-------- INPUT

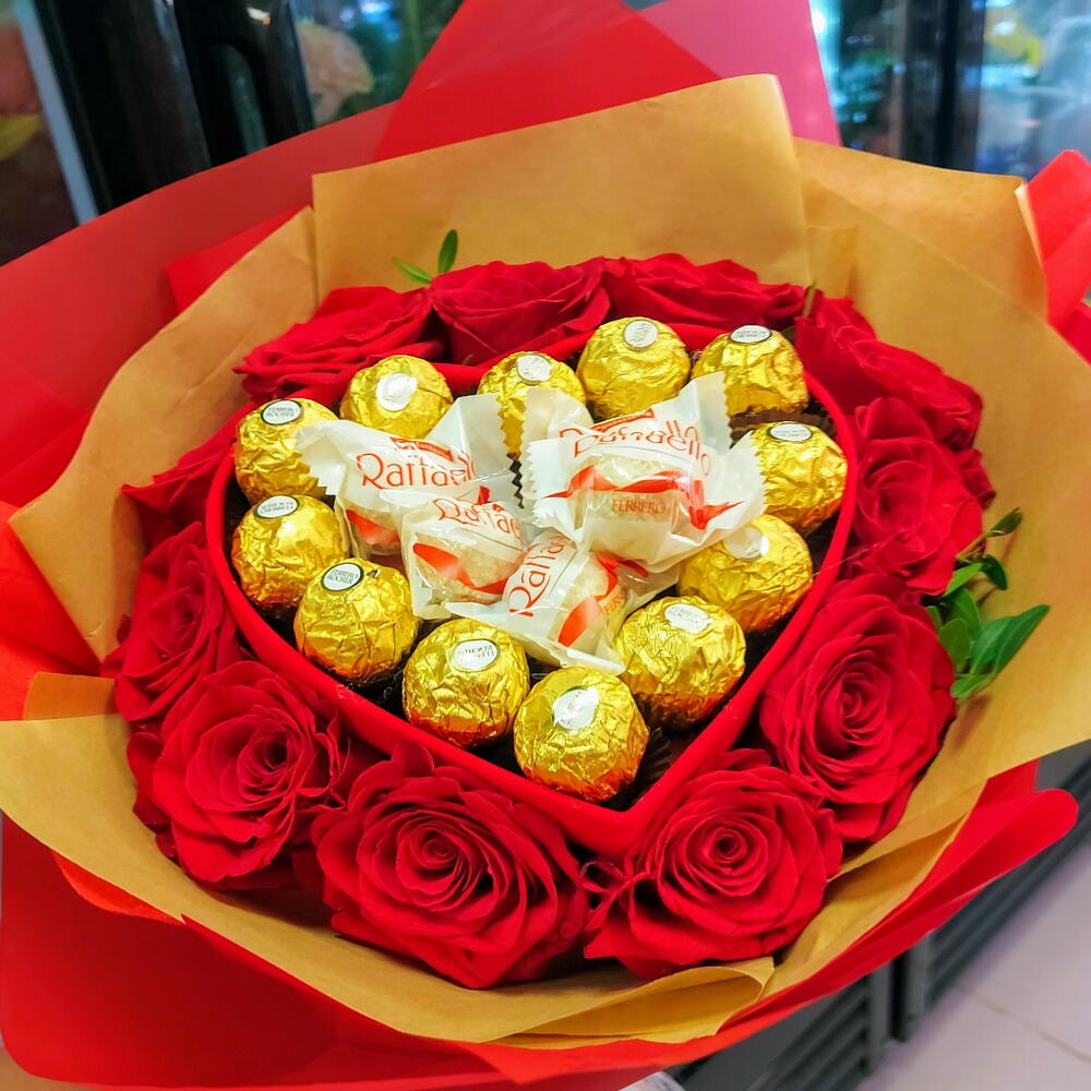 Ferrero rocher - 12 шт. Rafaello - 5 шт. rosas - 11 шт. коробка-сердце - 1 шт.
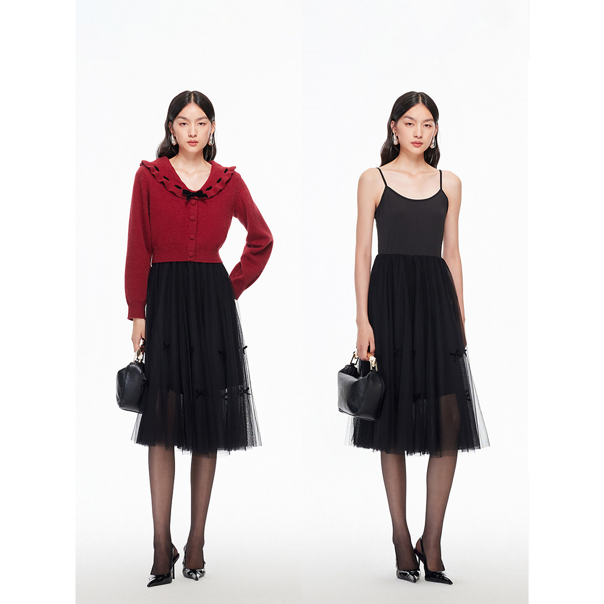 两件套设计,一衣多穿;立体蝴蝶结装饰
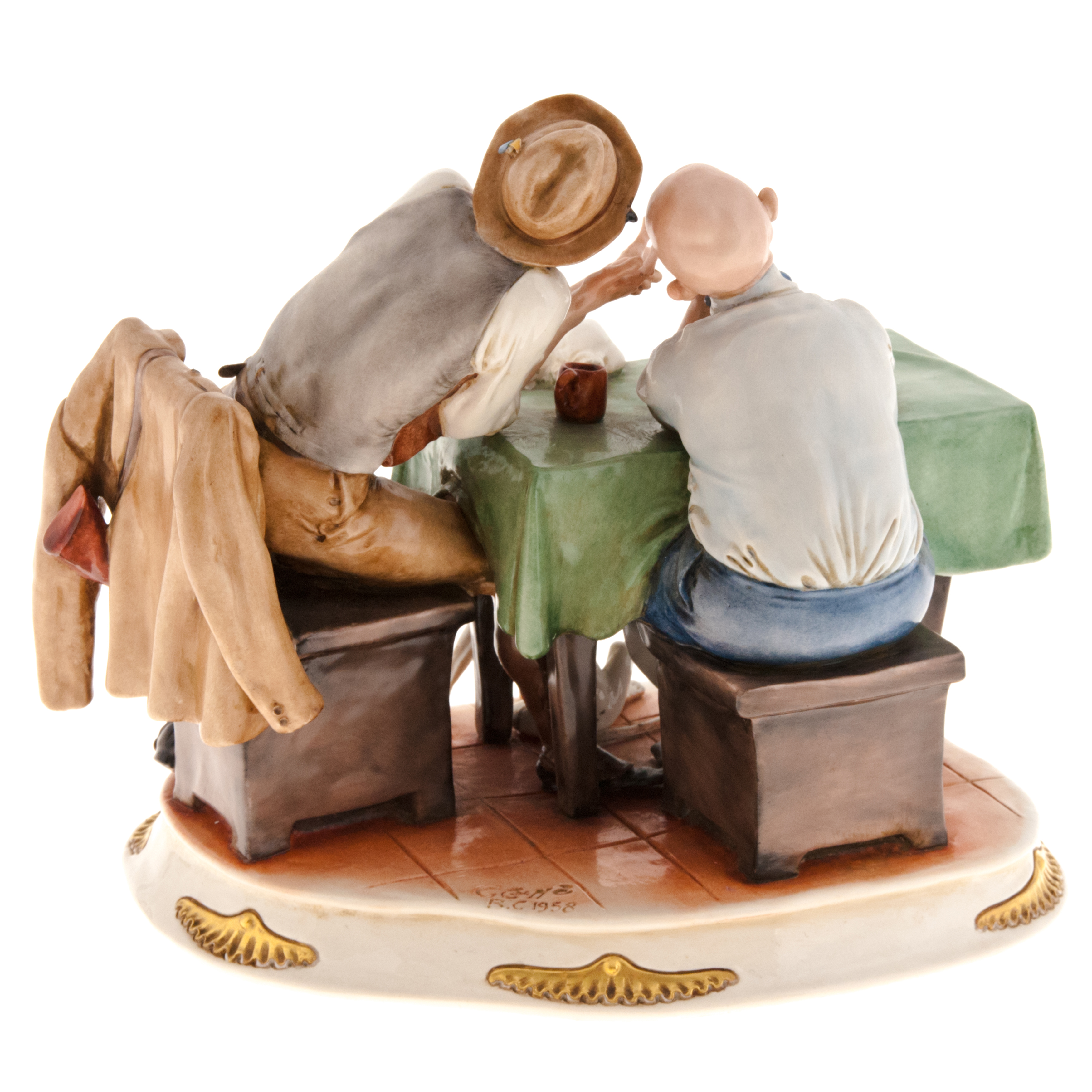 Фигура каждого персонажа передана с мастерством, характерным для итальянской школы фарфора середины XX века: слегка преувеличенные черты лица, тщательно вылепленные руки, складки одежды, фактура ткани и даже потертости на ботинках. Глянцево-матовая поверхность изделия подчёркивает естественность сцены. Цветовая палитра выдержана в тёплых, земных тонах: охра, терракота, оливковый, пепельный — создающих эффект художественного натюрморта. Всё размещено на овальном постаменте с рельефной позолотой, подчёркивающей музейное достоинство композиции.
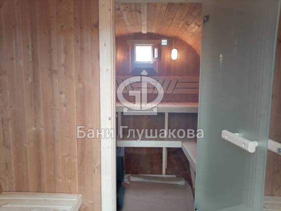 За счет ширины 2,3 метра внутри очень просторно. Если в обычной круглой бочке иногда хочется чуть больше «воздуха» над головой, то здесь с этим полный порядок. Поставили её в этот раз на сваи, смотрится солидно, а контрастная белая отделка дверей и окон на темном фоне добавляет ей какой-то нарядности, что ли.
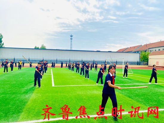 当日上午,随着激昂的音乐响起,高青县高城学区中心小学的学生们精神抖擞、步伐整齐地来到操场,有序开启大课间活动。全校以班级为单位绕操场慢跑,各班在指定位置集合,听到指令后同时出发。全校统一练习武术操,结合抱拳礼、冲拳、推掌等基础武术动作。同学们动作标准有力,一招一式尽显青春朝气;特色活动时间,有的班级开展趣味武术活动。分别是武术基本功 、武术韵律操、五步拳、初级刀术、初级棍术展示,出拳踢腿刚劲有力,虎虎生风,将中华武术的魅力展现得淋漓尽致。
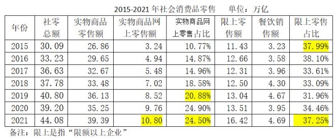 我覺得還沒有,除非有更嚴(yán)厲的政策規(guī)制出臺。2019年實物商品網(wǎng)上零售占比首次突破20%(20.88%),2020年因為疫情影響,這個占比飆升至24.90%(約占1/4)。2021年回落到24.50%。但我認(rèn)為,還會繼續(xù)提高,原因只有一個:消費習(xí)慣改變了。年輕人越來越往網(wǎng)上走,連我們這樣年齡的人,一天在家也常常能收到3、4個快遞。另一個數(shù)據(jù)是:限上(限額以上單位)銷售占比發(fā)生了扭轉(zhuǎn)。2021年達(dá)到37.25%,基本回歸到2015年的水平。規(guī)模稍大的企業(yè)的市場份額不斷擴(kuò)大,這才是零售的未來。至于線上還是線下,以后會越來越模糊。所以,不要從某個時點看變化,要從趨勢看變化。如表1所示。
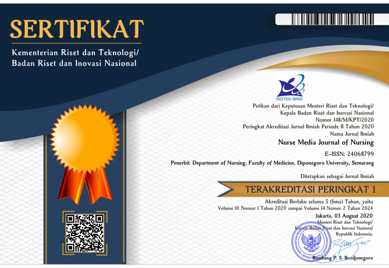 Nurse Media Journal of Nursing (NMJN) is a peer-reviewed electronic international journal. This statement clarifies ethical behaviour of all parties involved in the act of publishing an article in this journal, including the author, the chief editor, the Editorial Board, the peer-reviewer and the publisher (Diponegoro University). This statement is based on COPE’s Best Practice Guidelines for Journal Editors.
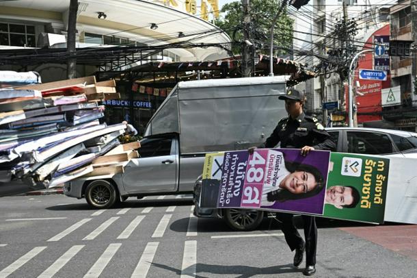 Bangkok Metropolitan Administration workers take down election posters a day after the general election in which the Pheu Thai was projected to come third
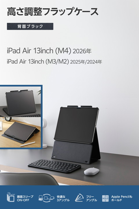 【在庫処分・お買い得!】 エレコム iPad Air 13インチ M2 用 フラップケース 高さ調整 合成皮革 スリープ対応 フラップ ケース カバー ソフトレザー ブラック ┃TB-A25XWVH2BK
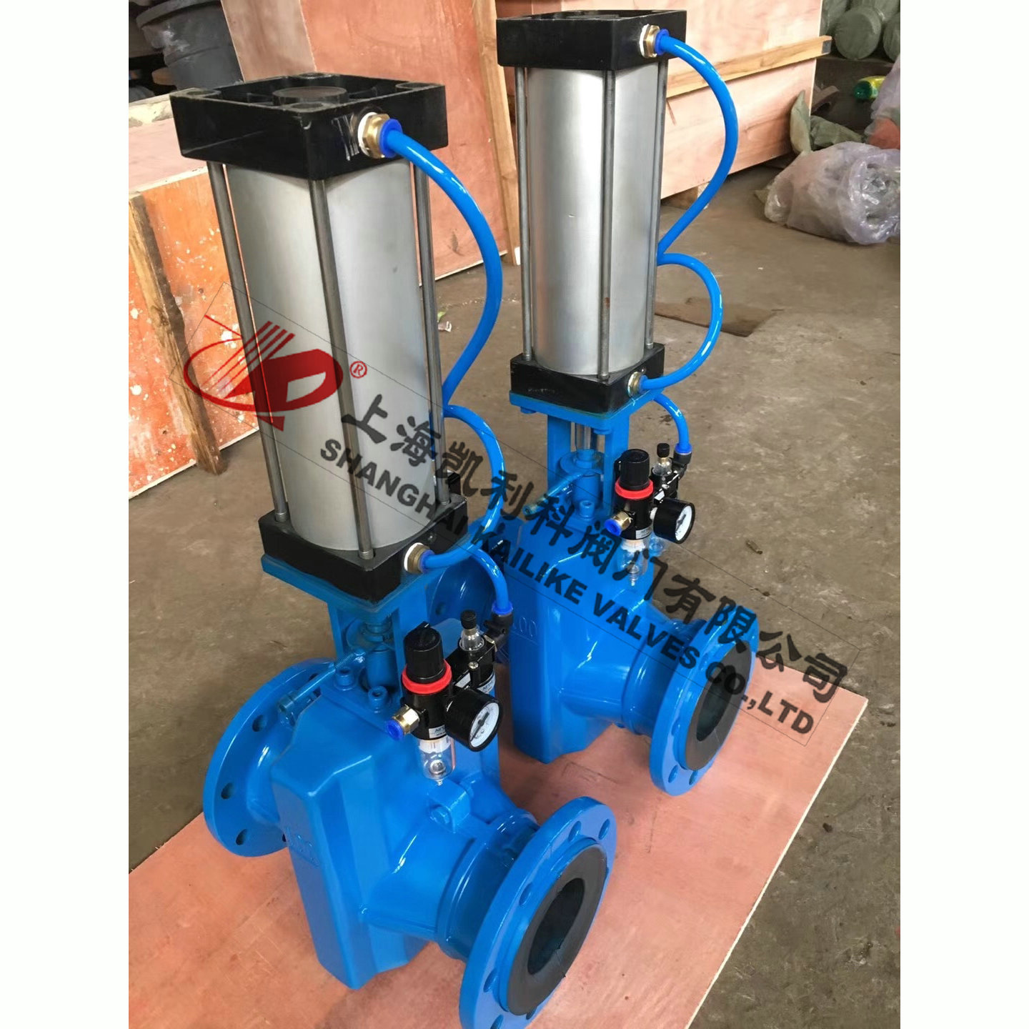 GJ6K41X常开型气动管夹阀可为常开型、常闭型,又名气动夹管阀,气动胶管阀由上下铸铁、铝合金、不锈钢阀体,橡胶管套、大小阀杆闸板、上下导柱等零件组成。当顺转手轮时,使大小阀杆同时带动上下茬板、压缩管套、进行关闭,反之即行开启。这样,闸板在导柱之间上下往复完成阀门开闭工作,另因橡胶管套或承力小,所以在开闭时,操作人员旋转轮时只要感到适量抵触,均达到开闭极点。切勿尽力多人补助,禁用其他工具开闭。
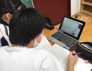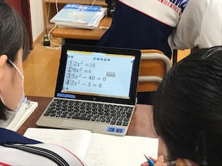 3年生の二次方程式の授業で、タブレットで説明動画を見ながら学習を進めました。
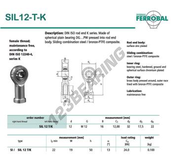 The Rod End Si known as SIL12-T-K-DURBAL DURBAL has an inside diameter of 12 mm, an outside diameter of 32 mm and a thickness of 16 mm.
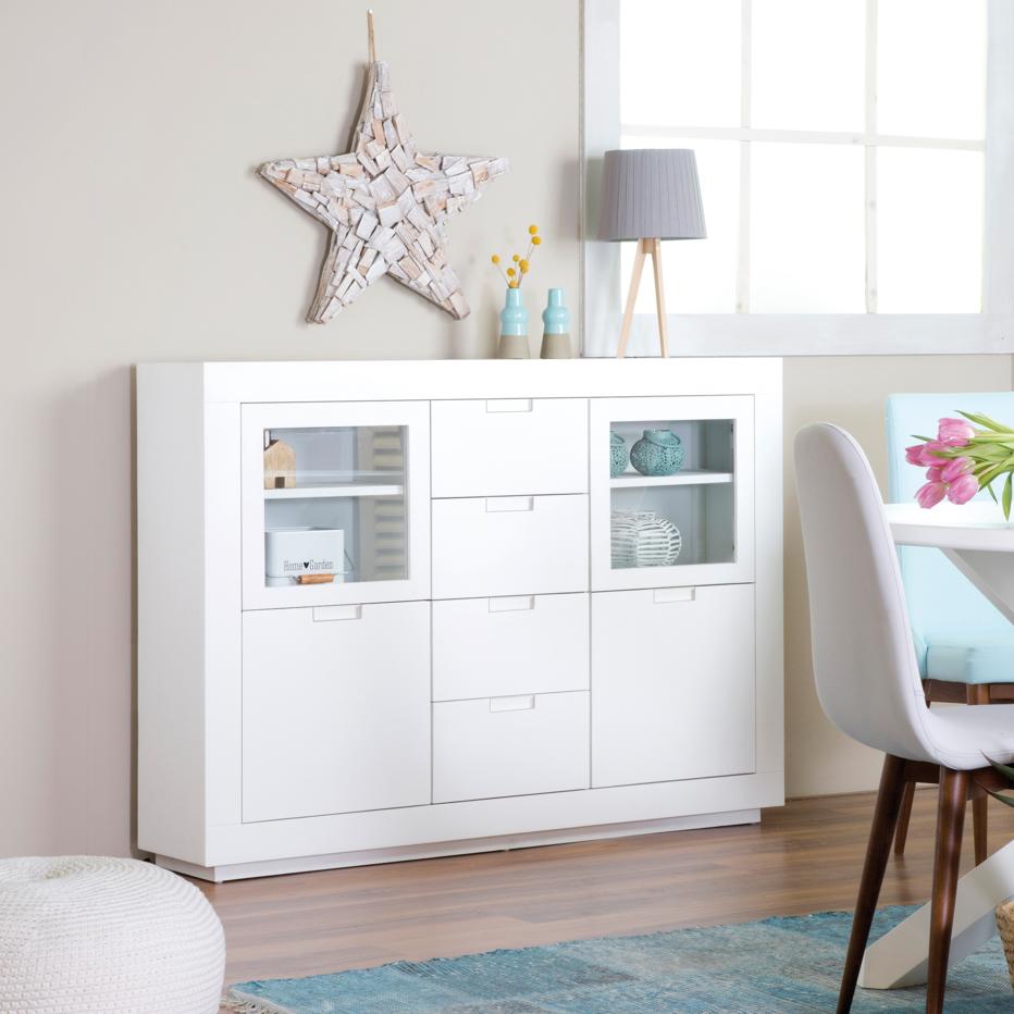 Aparador de comedor blanco con puertas, cajones y estantería
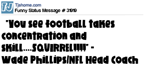X "You see football takes concentration and skill....SQUIRREL!!!!" - Wade Phillips/NFL Head Coach

----------------

ACTIVITY
Leaving out the pictures, transcribe the material above exactly.

FINAL ANSWER
 Ferrero rocher - 12 шт. Rafaello - 5 шт. rosas - 11 шт. коробка-сердце - 1 шт.
 两件套设计,一衣多穿;立体蝴蝶结装饰
 Фигура каждого персонажа передана с мастерством, характерным для итальянской школы фарфора середины XX века: слегка преувеличенные черты лица, тщательно вылепленные руки, складки одежды, фактура ткани и даже потертости на ботинках. Глянцево-матовая поверхность изделия подчёркивает естественность сцены. Цветовая палитра выдержана в тёплых, земных тонах: охра, терракота, оливковый, пепельный — создающих эффект художественного натюрморта. Всё размещено на овальном постаменте с рельефной позолотой, подчёркивающей музейное достоинство композиции.
 За счет ширины 2,3 метра внутри очень просторно. Если в обычной круглой бочке иногда хочется чуть больше «воздуха» над головой, то здесь с этим полный порядок. Поставили её в этот раз на сваи, смотрится солидно, а контрастная белая отделка дверей и окон на темном фоне добавляет ей какой-то нарядности, что ли.
 当日上午,随着激昂的音乐响起,高青县高城学区中心小学的学生们精神抖擞、步伐整齐地来到操场,有序开启大课间活动。全校以班级为单位绕操场慢跑,各班在指定位置集合,听到指令后同时出发。全校统一练习武术操,结合抱拳礼、冲拳、推掌等基础武术动作。同学们动作标准有力,一招一式尽显青春朝气;特色活动时间,有的班级开展趣味武术活动。分别是武术基本功 、武术韵律操、五步拳、初级刀术、初级棍术展示,出拳踢腿刚劲有力,虎虎生风,将中华武术的魅力展现得淋漓尽致。
 我覺得還沒有,除非有更嚴(yán)厲的政策規(guī)制出臺。2019年實物商品網(wǎng)上零售占比首次突破20%(20.88%),2020年因為疫情影響,這個占比飆升至24.90%(約占1/4)。2021年回落到24.50%。但我認(rèn)為,還會繼續(xù)提高,原因只有一個:消費習(xí)慣改變了。年輕人越來越往網(wǎng)上走,連我們這樣年齡的人,一天在家也常常能收到3、4個快遞。另一個數(shù)據(jù)是:限上(限額以上單位)銷售占比發(fā)生了扭轉(zhuǎn)。2021年達(dá)到37.25%,基本回歸到2015年的水平。規(guī)模稍大的企業(yè)的市場份額不斷擴(kuò)大,這才是零售的未來。至于線上還是線下,以后會越來越模糊。所以,不要從某個時點看變化,要從趨勢看變化。如表1所示。
 Nurse Media Journal of Nursing (NMJN) is a peer-reviewed electronic international journal. This statement clarifies ethical behaviour of all parties involved in the act of publishing an article in this journal, including the author, the chief editor, the Editorial Board, the peer-reviewer and the publisher (Diponegoro University). This statement is based on COPE’s Best Practice Guidelines for Journal Editors.
 Bangkok Metropolitan Administration workers take down election posters a day after the general election in which the Pheu Thai was projected to come third
 【在庫処分・お買い得!】 エレコム iPad Air 13インチ M2 用 フラップケース 高さ調整 合成皮革 スリープ対応 フラップ ケース カバー ソフトレザー ブラック ┃TB-A25XWVH2BK
 GJ6K41X常开型气动管夹阀可为常开型、常闭型,又名气动夹管阀,气动胶管阀由上下铸铁、铝合金、不锈钢阀体,橡胶管套、大小阀杆闸板、上下导柱等零件组成。当顺转手轮时,使大小阀杆同时带动上下茬板、压缩管套、进行关闭,反之即行开启。这样,闸板在导柱之间上下往复完成阀门开闭工作,另因橡胶管套或承力小,所以在开闭时,操作人员旋转轮时只要感到适量抵触,均达到开闭极点。切勿尽力多人补助,禁用其他工具开闭。
 3年生の二次方程式の授業で、タブレットで説明動画を見ながら学習を進めました。
 The Rod End Si known as SIL12-T-K-DURBAL DURBAL has an inside diameter of 12 mm, an outside diameter of 32 mm and a thickness of 16 mm.
 Aparador de comedor blanco con puertas, cajones y estantería
X "You see football takes concentration and skill....SQUIRREL!!!!" - Wade Phillips/NFL Head Coach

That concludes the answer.